Grace Willis sat in her front parlor and told me that her neighborhood, sometimes called Barclay or Greater Greenmount, is "just a wonderful place to live." She would know, since she has lived at the corner of 22nd and Barclay for most of her life. She is known to her neighbors as the woman who likes to walk.
On a walk, she showed me one of the reasons her neighborhood is the place she wants it to be.
In the past few weeks, as promised, a fine-looking row of homes has risen on 20th Street. They stretch from Greenmount to Barclay and nicely mimic the Victorian architecture of the neighborhood. The change is bold and dramatic, particularly if you have a memory of the abandoned houses that once sat here.
The block is designed as 69 affordable rental units. On adjoining blocks, renovation construction recently began on 15 three-story rowhouses. They will range in price from $175,000 to $285,000 and will be sold to owner-occupants.
People who do not share Grace Willis' sense of optimism and hope might disparage this neighborhood as another Baltimore lost cause. But this summer, block after block near Barclay Street and Guilford Avenue is changing. I saw signs promising Calvert Green houses for sale — renovated 1890s rowhouses.
What I saw on my walk through Greater Greenmount is not an isolated renewal phenomenon. All through a corridor from Pennsylvania Station (Station North) through the Old Goucher and Barclay Street communities, I observed cleaner streets and evidence of repairs. Once-bleak homes are now looking decent. I also see people walking about and obviously enjoying their neighborhoods.
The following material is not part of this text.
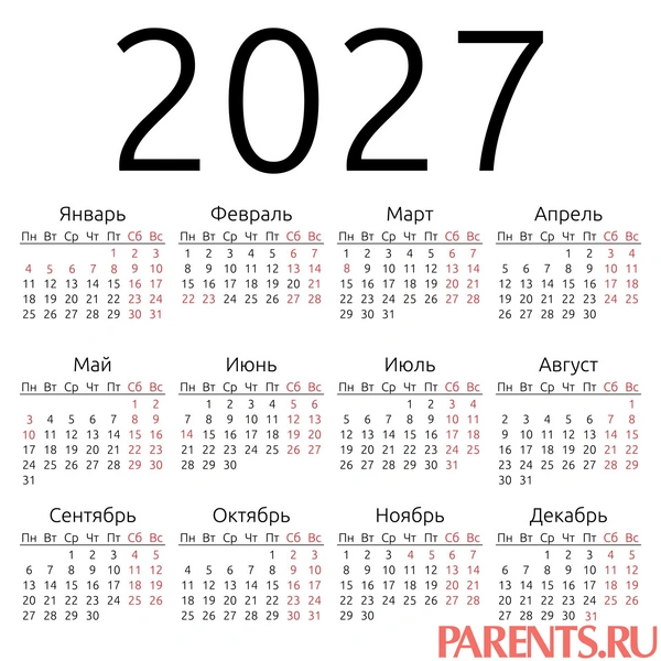 Здесь наглядный календарь выходных и рабочих дней в 2027 году. Можно сохранить его на смартфон.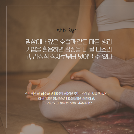 - 마음 챙김: 명상이나 깊은 호흡과 같은 마음 챙김 기법을 활용하면 감정을 더 잘 다스리고, 감정적 식사로부터 벗어날 수 있습니다.

Willis, a retired elementary school master teacher, is also patient. For decades, she and her neighbors have asked the city to help with the issue of the vacant and abandoned houses along the streets that intersect Greenmount Avenue in a stretch generally north of Green Mount Cemetery.
"I saw it happen so many times. The parents lived here for many years, but their children moved away to other neighborhoods," she said.
Her requests, and those of her tenacious neighbors, began to be addressed when a small organization, People's Homesteading Group, started renovations. People's Homesteading follows a sensible strategy: Before an entire row of homes is irredeemable, save the most blighted property. Lovingly fix it up. Work house by house.
I began visiting this neighborhood about five years ago. At that time, signs of hope were present, but the specter of so much abandonment seemed overwhelming. People's Homesteading did its surgical interventions on very troubled individual properties. Willis and her fellow residents won the approval of the city's Commission for Historic and Architectural Preservation to grant historic status to East 22nd Street, which includes the landmark St. Ann's Roman Catholic Church.
Then Ravens owner Steve Bisciotti and other philanthropists put money into reopening a closed parochial school. It reopened as the Mother Seton Academy and seemed to send a good message, in the same way that the dramatically renovated new city Design School at Oliver Street near Greenmount Avenue does.
Willis never lost faith in East 22nd Street. She fought back with her immaculate flower garden created in a vacant lot along Barclay.
The years of hope and patience gave rise to action. Telesis Corp., the developer, was chosen by the city to take on the massive job of 268 parcels of property and 94 vacant lots.
The process of reclaiming Greater Greenmount — and let's add in Calvert, Barclay and Old Goucher — is underway. To date, there are 20 new homeowners living in top-to-bottom renovated properties.
"We have more work to do," said Catherine Stokes, director of Telesis' Baltimore office. "We are more than halfway there."